**WHAT IS NEEDED**
A verbatim copy of the listing is needed; pictures are to be left out.

**RECORD SET**
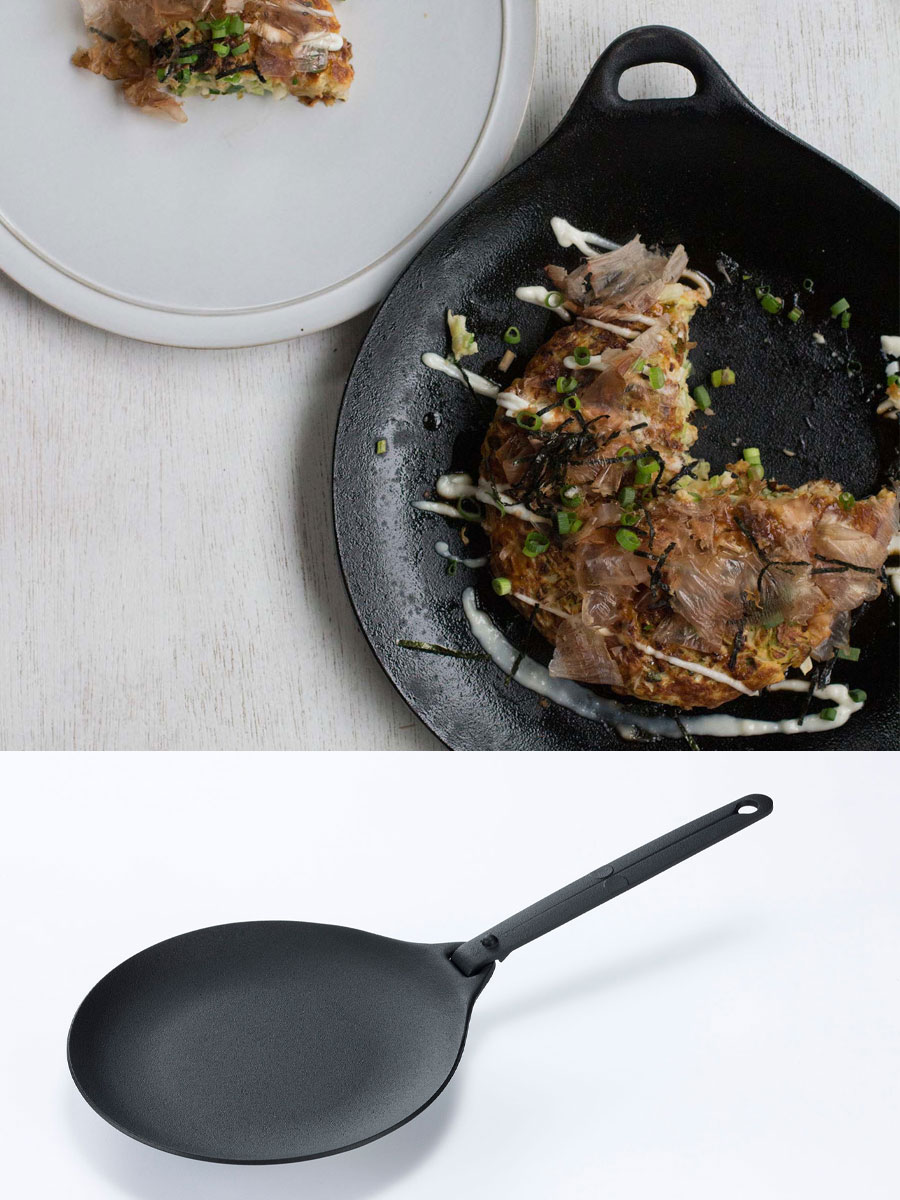 アツアツの鉄板を移動するときには取り外し式のハンドルを使います。
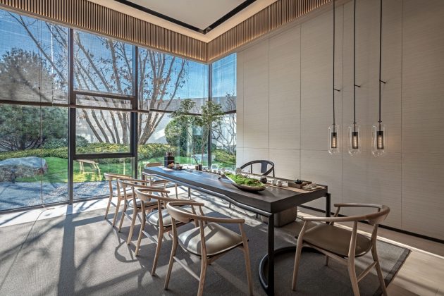 With an overall warm tone, the interior design maintains typical Chinese simple style. Those folding glass doors allow the indoor and outdoor scenery to integrate directly.
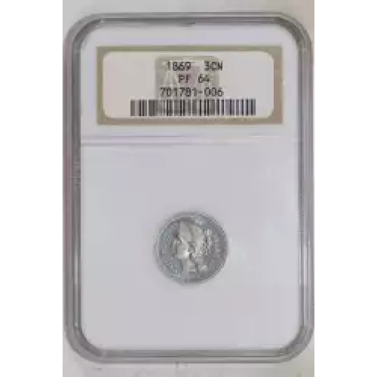507274 | 1869-PF-65 Three Cent Pieces (Nickel) NGC PF-65 | NGC | PF-65 | Sold: 04/12/2016 | $750 |
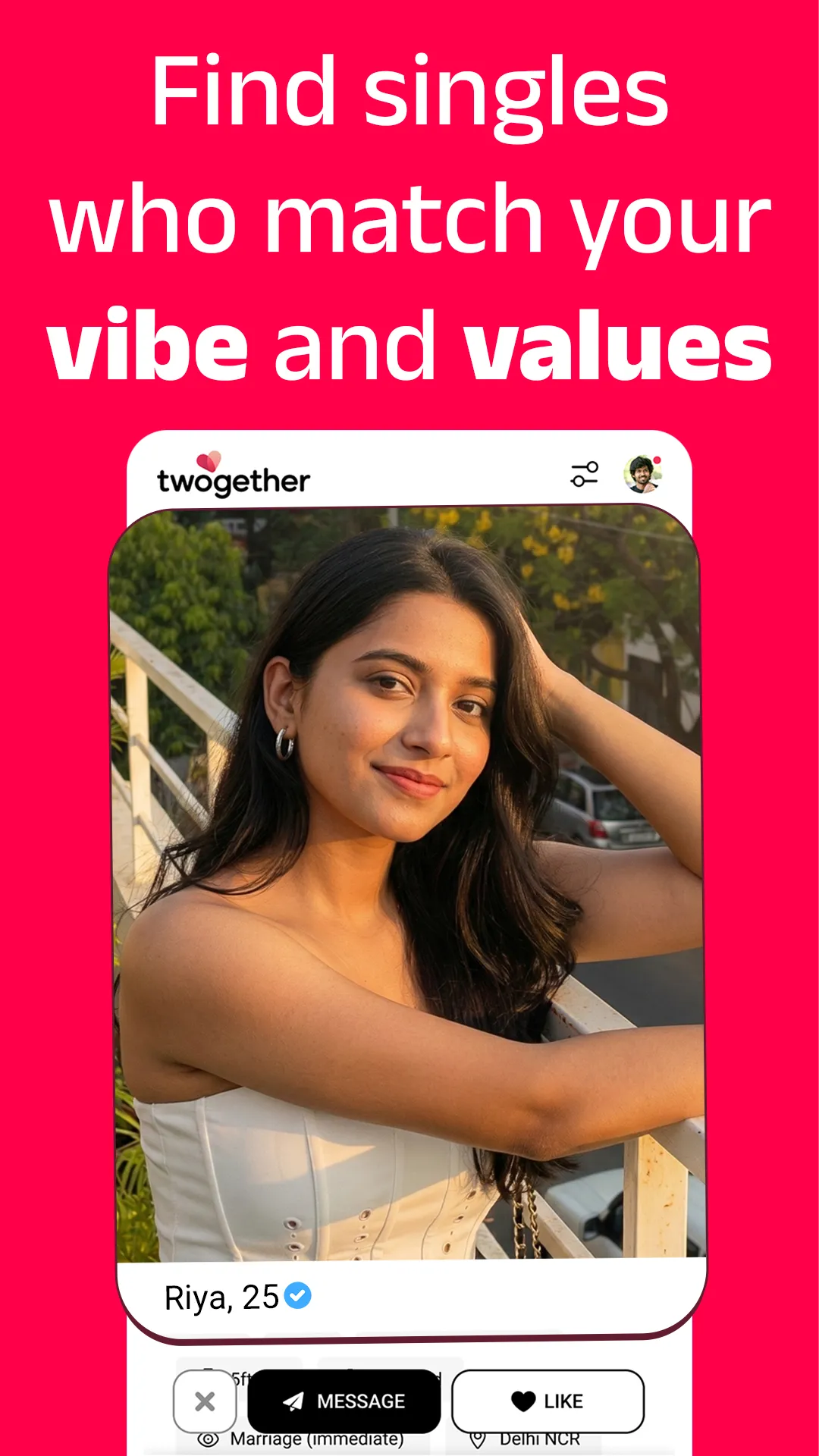 Twogether is a leading matrimony app in India designed to help you find compatible partners for a serious relationship. You can easily chat, connect and meet suitable singles who fit exactly to your marriage wish-list. With our best matchmaking system and latest algorithm, we ensure that you always encounter fully verified and genuine singles for marriage. Our app has transformed the Indian marriage scenario with lakhs of users finding their right companion for marriage. Endless matches to explore! With new profiles added daily on our matchmaking app, you will never compromise on your preferences. Select from a wide variety of matrimony profiles from India and stand a chance to find your forever. You can find companions from different communities or religion such as Hindu, Muslim, Christian, Buddhist, Parsi, Sikh, Jain, Atheist or any other. Not just this, you can select your matches from any Indian top cities including Hyderabad, Bangalore, Chennai, Mumbai, Pune, Delhi, Kolkata, Ahmedabad, Chandigarh etc. Game changing filters for accurate results To find a matrimony profile that matches your mother tongue, you can directly implement language filters to choose from numerous languages such as Telugu, Marathi, Gujarati, Tamil, Hindi, Bengali, Kannada, Malayalam and more. Mention any specific criteria during your marriage search to make the process smoother and you are ready to view your matches by age, height, current status, background or values. We have already connected matches based on similar life priorities, mind-set and goals and we can help you find the same. Personalized matching like never before...
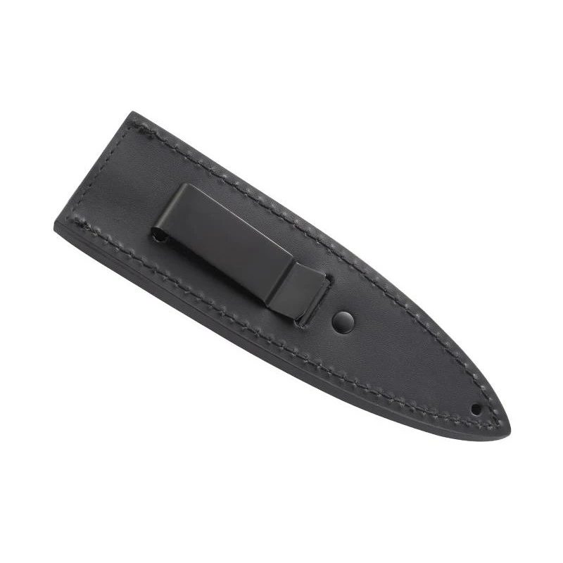 Ce couteau offre une utilité éprouvée grâce à sa forme de lame classique, qui vous permettra d’accomplir diverses tâches. Sa poignée en acier inoxydable renforcée de fibres résinées allie à la fois solidité et attrait visuel. Vous apprécierez la qualité supérieure de cet outil, notamment son étui en cuir véritable avec clip, qui assure une protection durable.
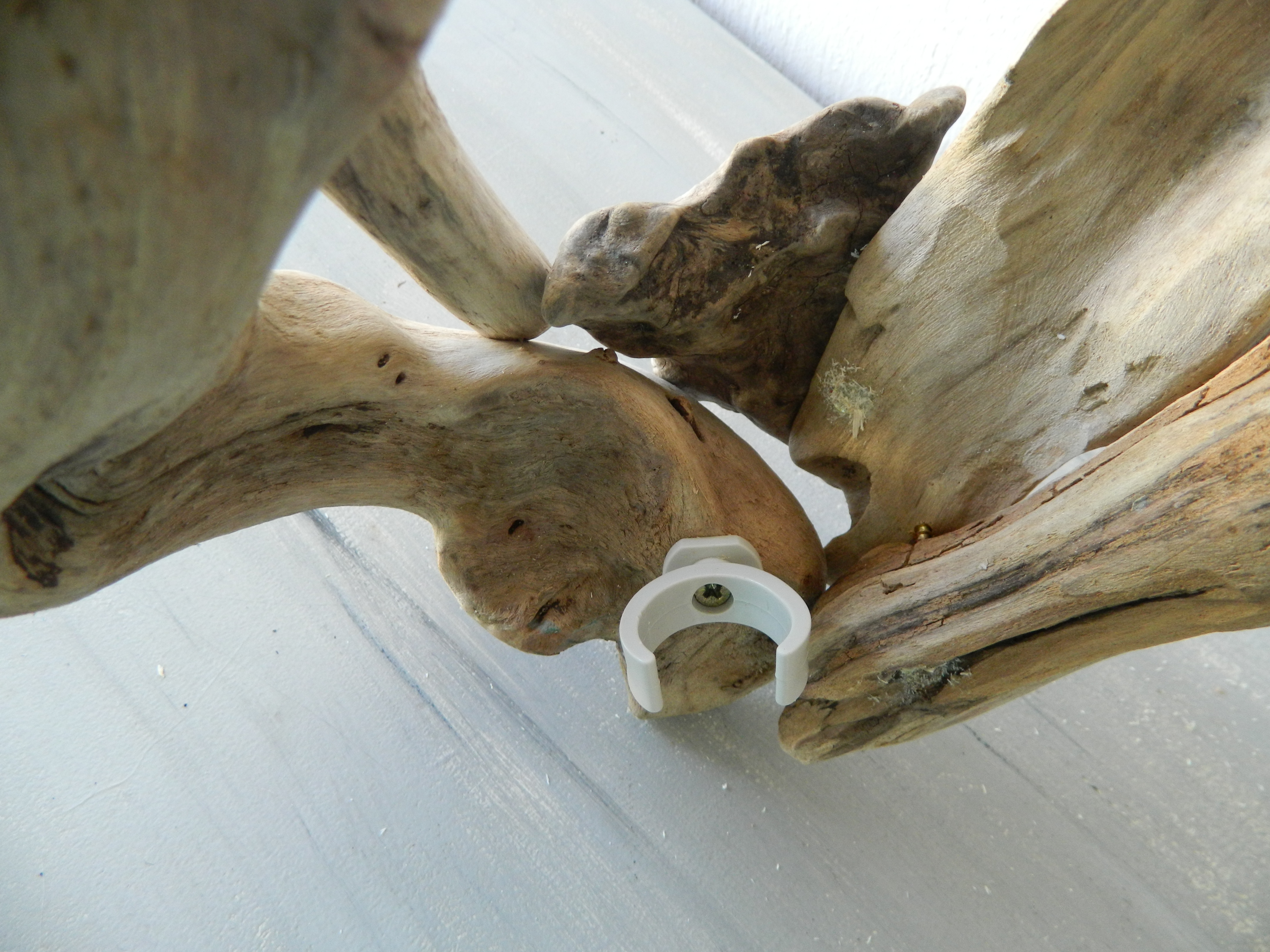 Une applique vraiment très originale, réalisée avec des bois flotté astucieusement fixés entre eux. L’ampoule ne se verra pas grâce au clip vissé à l’intérieur sur la partie inférieure. Je préconise une ampoule LED qui ne chauffe pas.
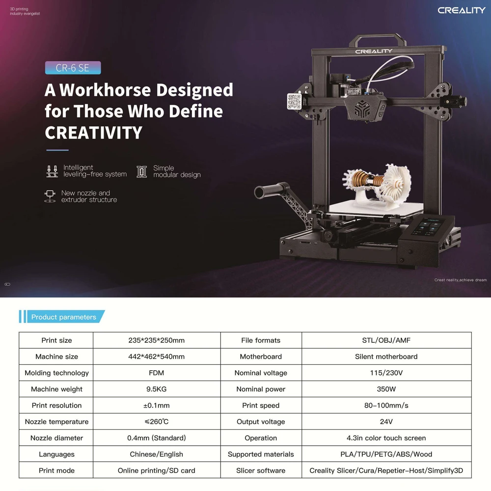 Особенности:Настольный 3D принтер:CR-6 SE 3D-принтеры комплект, 235*235*250 мм размер печати, с 4,3 дюйма цветная hd-камера заднего вида с сенсорным экраном. Запатентованная система без выравнивания предназначена для действительно достижения беспроблемного и интеллектуального автоматического выравнивания платформы.Стабильная ось Z и ремень ГРМ:Большая стабильность и баланс обеспечивается двойной z-осью и зубчатой лентой, снижая вибрации на оси Z и достигая плавного движения и точных результатов.Инновационная конструкция сопла:Литьевая насадка и экструдер переработаны с модернизированным теплоотводом, тепловым блоком, что значительно повышает эффективность нагрева и охлаждения.Мощная функция:Поддержка отключения питания повторная печать и обнаружение сломанной нити, принтер возобновит печать в точке останова после выключения питания, значительно улучшает скорость успеха модели печати.Бесшумная материнская плата и платформа Carborundum:Оснащенная самостоятельно разработанной бесшумной материнской платой, CR-6 SE способна управлять напряжением, плавным движением и бесшумной печатью. Карборунд hotbed с отличной тепловой производительностью способствует быстрому нагреванию, Сильной адгезии и легкому удалению для принтов.Широкая совместимость и применение:Совместимость с различными 1,75 мм печатными нитями, такими как PLA, ABS, TPU, дерево и т. д.; Широко используется в домашнем украшении, игрушках, аниме ремеслах, обучении, медицине и т. д.Характеристики:Бренд: CREALITYМодель: CR-6 SEМатериал оправы: алюминиевый сплавТехнология формования: FDMРабота: 4.3 дюйма цветной сенсорный экранРазмер печати: 235*235*250 ммСкорость печати: 80-100 мм/сек.Принт постановления: ± 0,1 ммТемпература сопла: ≤ 260 ℃Сопло Диаметр: 0,4 мм (Стандартный)Языки: китайский/английскийРежим печати: онлайн Печать/sd-картаФормат файла: STL/OBJ/AMFПоддерживаемый материал: PLA/TPU/PETG/ABS/деревоПрограммное обеспечение для резки: слайсер Creality/Cura/Repetier-Host/Simplify3DМатеринская плата: Бесшумная материнская платаПитание Световой поток: Вход 115V/230V, Выход: 24VНоминальная мощность: 350 ВтРазмер машины: 44,2*46,2*54 см/17,4*18,2*21,3 дюймаМашина Вес: 9,5 кг/20.9lbПосылка Размеры: 52*50*26,5 см/20,5*19,7 * 10.4inПосылка Вес: 13,5 кг/29.8lbУпаковочный лист:Набор 3D-принтеров + 8G sd-карта + 200G PLA образцовая нить
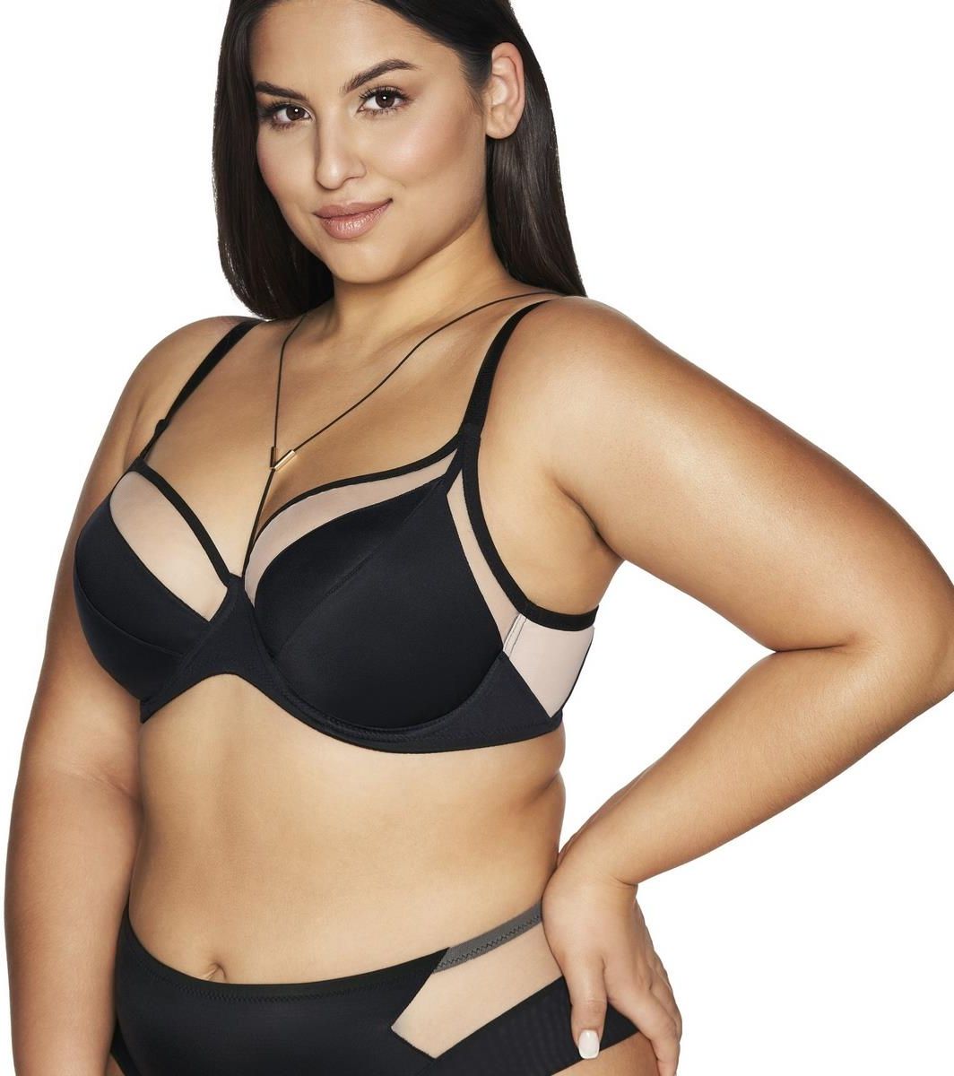Biustonosz typu braletka Viva to esencja subtelnej elegancji i komfortu, gdzie urok tkwi w prostocie. Miękkie miseczki w klasycznym kroju braletki delikatnie otulają piersi, zapewniając im idealne podtrzymanie i kształt. Czarna dzianina, osłaniająca centralną część piersi, tworzy wyrazisty kontrast z cielistym tiulem, który subtelnie eksponuje fragmenty nagiej skóry, dodając całości zmysłowego charakteru. Jednolity obwód z geometrycznymi wstawkami na bokach stabilizuje biustonosz, zapewniając wygodę noszenia, podczas gdy gładki mostek ukrywa sprytny regulator minimalistycznej ozdoby, która dodaje finezji dekoltowi. Pozwól się oczarować i wybierz Viva – biustonosz, który łączy prostotę z niepowtarzalnym stylem. Skład: 88% Poliamid, 8% Bawełna, 4% Elastan Typ: soft Kolor: czarny Konstrukcja: K-2103 Bralette Ramiączka: nieodpinane, szerokość dopasowana do rozmiaru, regulowane - metalowy, antyalergiczny regulator Zapięcie: dwurzędowa, trójstopniowa haftka Fiszbiny boczne: nie

**SOLUTION FOR THIS EXERCISE**
 アツアツの鉄板を移動するときには取り外し式のハンドルを使います。
 With an overall warm tone, the interior design maintains typical Chinese simple style. Those folding glass doors allow the indoor and outdoor scenery to integrate directly.
507274 | 1869-PF-65 Three Cent Pieces (Nickel) NGC PF-65 | NGC | PF-65 | Sold: 04/12/2016 | $750 |
 Twogether is a leading matrimony app in India designed to help you find compatible partners for a serious relationship. You can easily chat, connect and meet suitable singles who fit exactly to your marriage wish-list. With our best matchmaking system and latest algorithm, we ensure that you always encounter fully verified and genuine singles for marriage. Our app has transformed the Indian marriage scenario with lakhs of users finding their right companion for marriage. Endless matches to explore! With new profiles added daily on our matchmaking app, you will never compromise on your preferences. Select from a wide variety of matrimony profiles from India and stand a chance to find your forever. You can find companions from different communities or religion such as Hindu, Muslim, Christian, Buddhist, Parsi, Sikh, Jain, Atheist or any other. Not just this, you can select your matches from any Indian top cities including Hyderabad, Bangalore, Chennai, Mumbai, Pune, Delhi, Kolkata, Ahmedabad, Chandigarh etc. Game changing filters for accurate results To find a matrimony profile that matches your mother tongue, you can directly implement language filters to choose from numerous languages such as Telugu, Marathi, Gujarati, Tamil, Hindi, Bengali, Kannada, Malayalam and more. Mention any specific criteria during your marriage search to make the process smoother and you are ready to view your matches by age, height, current status, background or values. We have already connected matches based on similar life priorities, mind-set and goals and we can help you find the same. Personalized matching like never before...
 Ce couteau offre une utilité éprouvée grâce à sa forme de lame classique, qui vous permettra d’accomplir diverses tâches. Sa poignée en acier inoxydable renforcée de fibres résinées allie à la fois solidité et attrait visuel. Vous apprécierez la qualité supérieure de cet outil, notamment son étui en cuir véritable avec clip, qui assure une protection durable.
 Une applique vraiment très originale, réalisée avec des bois flotté astucieusement fixés entre eux. L’ampoule ne se verra pas grâce au clip vissé à l’intérieur sur la partie inférieure. Je préconise une ampoule LED qui ne chauffe pas.
 Особенности:Настольный 3D принтер:CR-6 SE 3D-принтеры комплект, 235*235*250 мм размер печати, с 4,3 дюйма цветная hd-камера заднего вида с сенсорным экраном. Запатентованная система без выравнивания предназначена для действительно достижения беспроблемного и интеллектуального автоматического выравнивания платформы.Стабильная ось Z и ремень ГРМ:Большая стабильность и баланс обеспечивается двойной z-осью и зубчатой лентой, снижая вибрации на оси Z и достигая плавного движения и точных результатов.Инновационная конструкция сопла:Литьевая насадка и экструдер переработаны с модернизированным теплоотводом, тепловым блоком, что значительно повышает эффективность нагрева и охлаждения.Мощная функция:Поддержка отключения питания повторная печать и обнаружение сломанной нити, принтер возобновит печать в точке останова после выключения питания, значительно улучшает скорость успеха модели печати.Бесшумная материнская плата и платформа Carborundum:Оснащенная самостоятельно разработанной бесшумной материнской платой, CR-6 SE способна управлять напряжением, плавным движением и бесшумной печатью. Карборунд hotbed с отличной тепловой производительностью способствует быстрому нагреванию, Сильной адгезии и легкому удалению для принтов.Широкая совместимость и применение:Совместимость с различными 1,75 мм печатными нитями, такими как PLA, ABS, TPU, дерево и т. д.; Широко используется в домашнем украшении, игрушках, аниме ремеслах, обучении, медицине и т. д.Характеристики:Бренд: CREALITYМодель: CR-6 SEМатериал оправы: алюминиевый сплавТехнология формования: FDMРабота: 4.3 дюйма цветной сенсорный экранРазмер печати: 235*235*250 ммСкорость печати: 80-100 мм/сек.Принт постановления: ± 0,1 ммТемпература сопла: ≤ 260 ℃Сопло Диаметр: 0,4 мм (Стандартный)Языки: китайский/английскийРежим печати: онлайн Печать/sd-картаФормат файла: STL/OBJ/AMFПоддерживаемый материал: PLA/TPU/PETG/ABS/деревоПрограммное обеспечение для резки: слайсер Creality/Cura/Repetier-Host/Simplify3DМатеринская плата: Бесшумная материнская платаПитание Световой поток: Вход 115V/230V, Выход: 24VНоминальная мощность: 350 ВтРазмер машины: 44,2*46,2*54 см/17,4*18,2*21,3 дюймаМашина Вес: 9,5 кг/20.9lbПосылка Размеры: 52*50*26,5 см/20,5*19,7 * 10.4inПосылка Вес: 13,5 кг/29.8lbУпаковочный лист:Набор 3D-принтеров + 8G sd-карта + 200G PLA образцовая нить
Biustonosz typu braletka Viva to esencja subtelnej elegancji i komfortu, gdzie urok tkwi w prostocie. Miękkie miseczki w klasycznym kroju braletki delikatnie otulają piersi, zapewniając im idealne podtrzymanie i kształt. Czarna dzianina, osłaniająca centralną część piersi, tworzy wyrazisty kontrast z cielistym tiulem, który subtelnie eksponuje fragmenty nagiej skóry, dodając całości zmysłowego charakteru. Jednolity obwód z geometrycznymi wstawkami na bokach stabilizuje biustonosz, zapewniając wygodę noszenia, podczas gdy gładki mostek ukrywa sprytny regulator minimalistycznej ozdoby, która dodaje finezji dekoltowi. Pozwól się oczarować i wybierz Viva – biustonosz, który łączy prostotę z niepowtarzalnym stylem. Skład: 88% Poliamid, 8% Bawełna, 4% Elastan Typ: soft Kolor: czarny Konstrukcja: K-2103 Bralette Ramiączka: nieodpinane, szerokość dopasowana do rozmiaru, regulowane - metalowy, antyalergiczny regulator Zapięcie: dwurzędowa, trójstopniowa haftka Fiszbiny boczne: nie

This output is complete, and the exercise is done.